On entend d’ici les crypto-marxistes de base, prendre la défense de ces délinquants : « comprenez, c’est la crise, alors les gens se ruent vers l’argent facile ». Les gens, les gens, c’est vite dit : dans la foule des casseurs de l’économie, on ne trouve pas beaucoup de catholiques. D’ailleurs, n’est-ce pas le Président lui-même qui, en définissant si brillamment l’identité nationale, nous explique que le bon Français, lui, préfère exercer les fonctions de préparateur de commande à bac +5 plutôt que d’attendre qu’on lui jette le fric depuis les fenêtres de la première société à faire dans l’événementiel outrancier ? Le bon Français à autre chose à faire que d’attendre après une opération publicitaire de masse.

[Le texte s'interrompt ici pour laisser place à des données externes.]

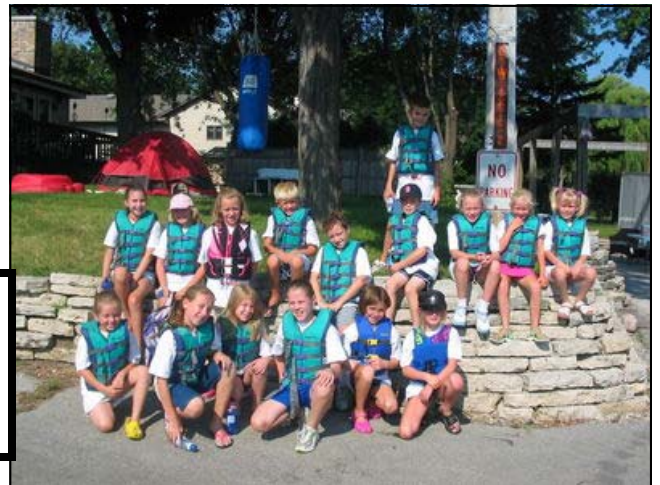
Typical group getting ready for another Cops and Bobbers outing. Lined up at Smokey's Musky Shop and assigned boat colors and already following directions. Hope we can do this next year if the Pewaukee Police are still around.

Si vous aviez distribué du pinard, ça ne serait pas arrivé
Certes, il est vrai qu’il est dans la nature humaine d’être prêt à tout pour un peu d’argent facile. Et l’effet de groupe dans ce genre d’occasions provoque bien souvent des manifestations incontrôlées de sauvagerie collective. Ceux qui ont fréquenté les concerts de Madonna peuvent en témoigner. M. Panel lui-même, impliqué dans une sombre affaire d’éviscération d’un spectateur avec les dents, ne doit son salut qu’à la mansuétude intéressée d’un substitut du procureur dans la poche duquel il a glissé la culotte litigieuse. Mais quelques errements de ci de là ne sauraient justifier un comportement répété. Oui, répété. Car d’une part la société Pôle Emploi organise ces opérations publicitaires presque quotidiennement, et d’autre part ce sont toujours les mêmes qui y participent.

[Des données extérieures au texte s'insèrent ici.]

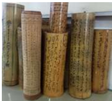
Figure 12. Bamboo that has been written by the Batak script
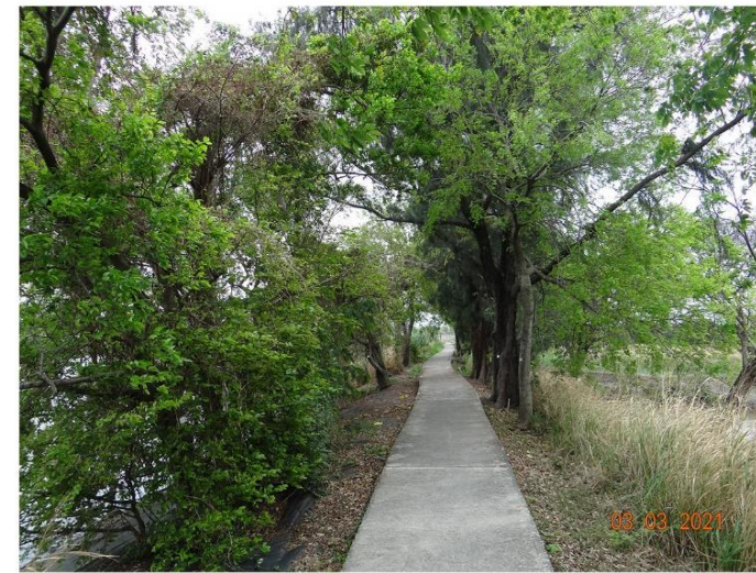
LR1-3: Wooded Area
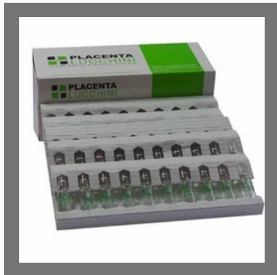
Placenta Lucchini Injection
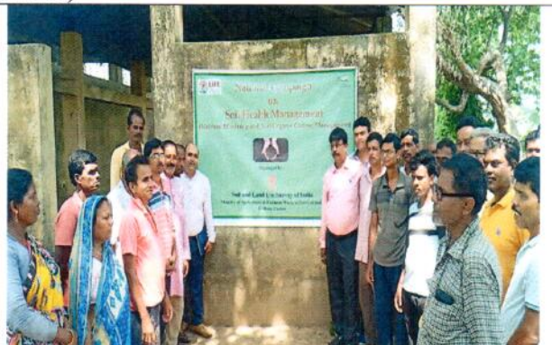
Amkala village, Jhargram district, West Bengal- SLUSI (Kolkata)

Du reste, ces abjectes pratiques contraires à toute morale mettent en péril la distribution légitime de pognon sur la voie publique, celle qui profite à l’économie. Elles jettent le discrédit sur d’autres happenings nécessaires au bon fonctionnement de notre modèle social, comme la rediffusion de l’argent du contribuable vers les entreprises privées ou les banques, qui elles en ont réellement besoin pour faire des choses très importantes, comme nous sortir de la crise dans laquelle l’assistanat nous a plongés.

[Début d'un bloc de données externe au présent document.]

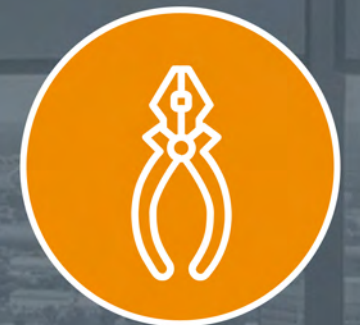
Needle Nose Pliers
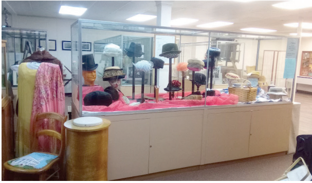
A grant was awarded to the Lapeer County Historical Society for renovations and for the purchase of new display cases. The staff there are very helpful and enjoy sharing historical information and preserving the history of Lapeer County.

Conscient de cette réalité, le gouvernement a décidé de sévir. Brice Hortefeux va « présenter la facture » au Pôle Emploi, qui pourtant assure avoir toutes les autorisations nécessaires – ce que l’enquête devra déterminer - et souhaite que ce type d’évènements illégaux soit plus durement sanctionné. Espérons qu’il soit entendu et qu’à l’avenir on ne puisse plus tout faire aux fins de publicité.